Atrapada en una de sus propias historietas, la cantante Gloria Trevi protagoniza desde hace unos meses un road movie, digno de dicho género cinematográfico, conocido por filmes tales como Asesinos por naturaleza (Oliver Stone) o París Texas (Win Wenders).  La historia no podía ser mejor. La chica acelerada huye en compañía de su manager, el compositor Sergio Andrade, ávido de púberes ingenuas. Como la pareja no puede viajar sin una de sus pupilas, se lleva a Karina Alejandra, una niña chihuahuense de parientes desmemoriados quienes finalmente denuncian el hecho.  Los persigue la opinión pública y la Unidad Especial Antisecuestros de la Procu.  Esta fan irredenta de la Trevi sólo espera que el final no sea patético (la Trevi pidiendo perdón al ver el fuego de la hoguera). Sería más honroso que sacara un calendario de prozac, nembutal, tafil o cualquiera de esas pastillitas, colgadas a su cintura en un collar de cuentas.

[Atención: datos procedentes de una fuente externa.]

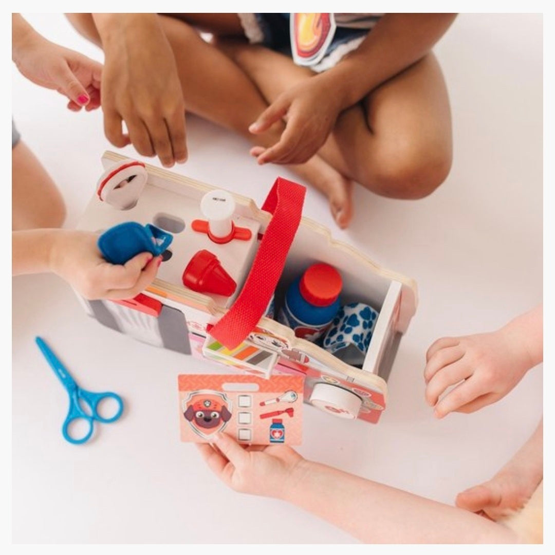 Beleef spannende avonturen met de PAW PatroltM Eerste Hulp Speelset! Met deze 14-delige set kunnen kinderen vanaf 3 jaar hun eigen reddingsmissies uitvoeren. Klik een missiekaart aan de houten koffer, draai het blokje om het noodniveau aan te geven, kies welke pup in actie komt en... PAW Patrol is klaar om te helpen!

Hay otra película que podría contarse, si retrocedemos una década y consultamos las fuentes de Teleguía, Notitas Musicales y demás etcéteras. Los ANTECEDENTES: Gloria es la chava que sueña con triunfar, y con tal motivo emigra al D.F., desafiando a su decentísima familia regimontana (recuérdese la carta de la abuela, Gloria, niña triste, que la señora publicó en el periódico El Norte, cuando su nietecita ya era famosa. ¡Ah, cómo se reiría la Trevi leyéndola! seguro se meó sobre el periódico).  Después de las penurias de rigor, presentamos la SECUENCIA DE APERTURA. Nuestra heroína se aposta durante horas en la entrada de una estación de radio, hasta caerle a Sergio Andrade, su productor cuando Gloria era quinceañera y cantaba en el grupo Boquitas Pintadas. Sobra decir que lo convence de sus habilidades como compositora e intérprete.
EL PRIMER GIRO ARGUMENTAL. Sergio prepara el lanzamiento del año 1989 y le hace un coco wash a la Trevi. Hijita, vamos a explotar una imagen de chava buena onda, medio rebelde e incomprendida. Para hacer visible la singularidad de su creación, el doctor Andrade viste a su monstruo con unos trapos loquísimos, medias rotas, combinaciones de caja fuerte y extensiones de la greña. Todo ello, con la licencia que le otorga ese cuerpazo de infarto (véase Calentarios).  Y sale el disco, con aquella rola reiterativa, doctor Psiquiatra, donde Gloria berrea hasta venirse a la realidad.  Zafarranchos que no espantan a nadie pero dedicados a impactar a los fans, a las buenas conciencias y a los padres de familia atónitos. De ahí pa’l real, la Trevi podrá postularse como presidenta de la república, censurar a Marcos, cantar temas polémicos escritos por ella misma, insinuar abortos, condones, pregonar la virginidad como un estorbo y hasta plantear la posibilidad de suicidarse cuando la vacuidad que la rodea así lo exija.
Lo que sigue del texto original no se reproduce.